To install uf2loader you need to flash the appropriate bootloader.uf2 for your pico model in bootsel mode, copy both BOOT*.UF2 files to the root of your sd card, make pico1-apps and pico2-apps folders on the sd card, and stick your desired applications in those folders.

11 Likes

a couple of quick questions:

  1. “top of flash” means highest address, correct? So our boot stage2 directly goes to “high mem” and only drops back to prog_info->addr if booting in normal mode?
    • apps like picomite writes to flash and not aware of the loader, potential overwrite?
  2. for pico2, I skimmed through the datasheet (thanks for the link) section 5 – what’s the plan? re-compile everything to target a higher address and then translate? why can’t we just use the default, 2040-like behavior?
  3. any change that we support data restore? (dump/restore all flash minus the range specified in the uf2)

Fantacy !
Will it be better to make the boot menu show every time bootup but auto-select the last firmware after a short timeout like GRUB or Windows Bootloader do on a PC? PicoCalc boot very fast,1~2 second time out wouldn’t make a different but will make the select operate more easy (clicking one button is easyer than hold down 2 buttons every time when boot up)

If the program tries to overwrite the bootloader it will succeed, yes. So don’t do that. Unfortunately the RP2040 doesn’t have a means of write protecting sections of flash.

As far as PicoMite goes, just stay in the first flash slot, at least for now. But really you should use the SD card for storage.

The RP2350 has a completely redesigned boot system, it doesn’t execute boot2 in the way that the RP2040 does. So it can’t work. But the added capabilities it has means there is a much nicer way to do the same thing, with the application living in its own partitioned space.

Autobooting into the application wasn’t my original choice, it’s what multibooter does. But I’m increasingly coming around to it. Most of the time you won’t be changing application every time you turn on the unit. And holding down a key when you want to do so is pretty straightforward. If it’s really bothersome, it’s trivial to compile a custom version.
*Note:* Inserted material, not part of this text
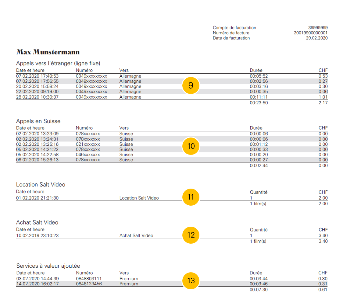7. Dans cette section, vous trouverez votre rabais pour les clients Mobile. Les clients Salt Mobile profitent d’un rabais mensuel de 10 CHF sur leur abonnement Fiber. Plus d’infos sur https://fiber.salt.ch/fr/help/fiber-support/get-started 8. Dans cette section, vous trouverez d’éventuelles charges et compensations ponctuelles. |

Even if the user doesn’t decide to use any of the flash slots in PicoMite, it will save a certain amount of data to flash. That’s how it stores the OPTION values, but it also stores whatever MMBasic file you last loaded in the editor to flash, and possibly some other things. The 3 flash slots also seem to be regularly used by people. At the very least, one of them is useful to use AUTORUN to run some code at power on. But some people use them to store libraries and such.

So if there’s no provision for preventing PicoMite from overwriting the bootloader, then it’s probably wise to just suggest no one uses it with PicoMite. The existing multibootloader patched PicoMite to shift where the flash data was stored. So that might work here too.

It would be nice if PicoMite’s flash area could be saved and loaded to SD as needed between boots (and ideally any firmware’s custom flash area if it has one), but if that’s not possible, it’s probably dangerous to just let PicoMite write into sensitive areas of flash and clobber the bootloader. (And I’m pretty sure it will!) Hopefully that wouldn’t brick the pico and the “nuke” firmware could be used to wipe it so it could be used again.

There’s actually no risk of PicoMite overwriting anything, as it doesn’t come close to using all of the available flash. Options are saved in a 20k block at 832k offset, immediately followed by the three flash slots of 128k each, and then the optional module buffer which is at most 512k. That leaves a guard region of 164k before getting to the bootloader.

Saying “nobody should use this with PicoMite” seems a tad extreme.

Also, the job of saving/restoring those flash slots to SD falls entirely on PicoMite itself.

1 Like

Sounds good. I didn’t realize there was enough space already for it all.

This made it sound like PicoMite could easily overwrite the bootloader. Hence my post.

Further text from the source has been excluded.